# First Step in Humidor Building



## WaxingMoon (Aug 13, 2009)




----------



## tobacmon (May 17, 2007)

I thought I did not have the skills but I can do the first step--I think.......I thought the first step was knowing how to build one?


----------



## bogner (Jun 3, 2009)

haha that's topnotch humidor building!! :smoke: 

oh and may I take the opportunity to congratulate you on your humidors, they're beautiful! if it wasn't so expensive to ship to Europe, I would definitely be buying a custom one ..


----------



## Jumes (Jul 29, 2009)

Definitely agree Ed. Every project starts with a little head scratching, which is best done while enjoying a good cigar.


----------



## RazzBarlow (Dec 8, 2009)

It's a finger inventory.

Cigar, 1, 2, 3, 4, Thumb...check
Lighter, 1, 2, 3, 4, Thumb...check

The goal is to only be missing the cigar on the second inventory of the day.eace:


----------



## LincolnSmokes (Nov 5, 2009)

I didn't realize I was starting to build humidors too!!! I'll remember that the next time I light up a stick.


----------



## Coop D (Oct 19, 2008)

I guess we are all Master builders by now....


----------



## Jimbo57 (Aug 15, 2009)

Nothing like a little bit of Vintage to get ya started!


----------



## shunoshi (Sep 30, 2009)

I never finish anything I start.
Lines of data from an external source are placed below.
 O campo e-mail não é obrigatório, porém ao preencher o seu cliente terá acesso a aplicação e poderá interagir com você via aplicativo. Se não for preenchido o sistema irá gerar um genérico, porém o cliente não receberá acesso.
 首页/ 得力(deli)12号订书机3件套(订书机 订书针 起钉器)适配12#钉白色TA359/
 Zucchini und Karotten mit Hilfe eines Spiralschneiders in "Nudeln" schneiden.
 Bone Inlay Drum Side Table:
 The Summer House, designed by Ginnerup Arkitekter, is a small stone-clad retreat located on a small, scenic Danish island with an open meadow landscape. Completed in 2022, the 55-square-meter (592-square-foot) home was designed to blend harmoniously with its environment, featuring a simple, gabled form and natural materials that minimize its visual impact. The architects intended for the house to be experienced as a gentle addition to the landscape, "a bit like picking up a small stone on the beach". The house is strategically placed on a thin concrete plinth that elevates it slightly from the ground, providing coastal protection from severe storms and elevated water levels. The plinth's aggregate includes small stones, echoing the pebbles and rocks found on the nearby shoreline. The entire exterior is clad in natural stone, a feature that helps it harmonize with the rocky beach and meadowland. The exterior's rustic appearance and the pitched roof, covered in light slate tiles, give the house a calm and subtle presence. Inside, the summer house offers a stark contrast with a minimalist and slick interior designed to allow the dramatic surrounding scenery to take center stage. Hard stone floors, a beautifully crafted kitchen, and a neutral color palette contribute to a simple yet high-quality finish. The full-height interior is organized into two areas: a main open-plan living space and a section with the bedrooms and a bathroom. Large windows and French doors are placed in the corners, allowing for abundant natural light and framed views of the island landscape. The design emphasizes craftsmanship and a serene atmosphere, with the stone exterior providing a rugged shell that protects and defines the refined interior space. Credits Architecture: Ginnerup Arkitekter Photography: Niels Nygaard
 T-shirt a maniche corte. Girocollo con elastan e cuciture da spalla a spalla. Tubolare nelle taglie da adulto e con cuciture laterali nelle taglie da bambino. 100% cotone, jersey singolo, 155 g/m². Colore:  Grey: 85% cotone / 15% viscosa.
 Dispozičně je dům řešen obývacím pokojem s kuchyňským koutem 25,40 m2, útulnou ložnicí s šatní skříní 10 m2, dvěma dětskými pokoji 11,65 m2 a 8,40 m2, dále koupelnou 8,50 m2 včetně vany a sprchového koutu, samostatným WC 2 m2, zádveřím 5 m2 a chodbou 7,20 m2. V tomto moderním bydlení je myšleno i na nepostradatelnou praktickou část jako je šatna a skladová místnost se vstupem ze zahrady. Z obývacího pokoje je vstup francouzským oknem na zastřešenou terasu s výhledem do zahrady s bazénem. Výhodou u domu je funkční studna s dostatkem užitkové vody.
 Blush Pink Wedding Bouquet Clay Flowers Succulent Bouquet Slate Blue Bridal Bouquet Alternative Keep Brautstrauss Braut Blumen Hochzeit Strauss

This explains why everytime I want to build a humidor I only make it past step 1.


----------



## quesadilla (Dec 9, 2009)

ok now whats step 2? hurry this cigar is burning fast!!!


----------



## tobacmon (May 17, 2007)

RazzBarlow said:


> It's a finger inventory.
> 
> *Cigar, 1, 2, 3, 4, Thumb...check
> Lighter, 1, 2, 3, 4, Thumb...check
> ...


ROLMAO---this I liked!!!!


----------



## dmisc (Dec 1, 2009)

Um....are you holding the camera with your mouth, with auto flash, and timer set to 5 seconds?

Impressive.


----------



## cubicdissection (Jan 10, 2010)

dmisc said:


> Um....are you holding the camera with your mouth, with auto flash, and timer set to 5 seconds?
> 
> Impressive.


Hahaha....I can't believe I didn't catch that when I first saw this thread.  So, who IS holding that camera?

eep:


----------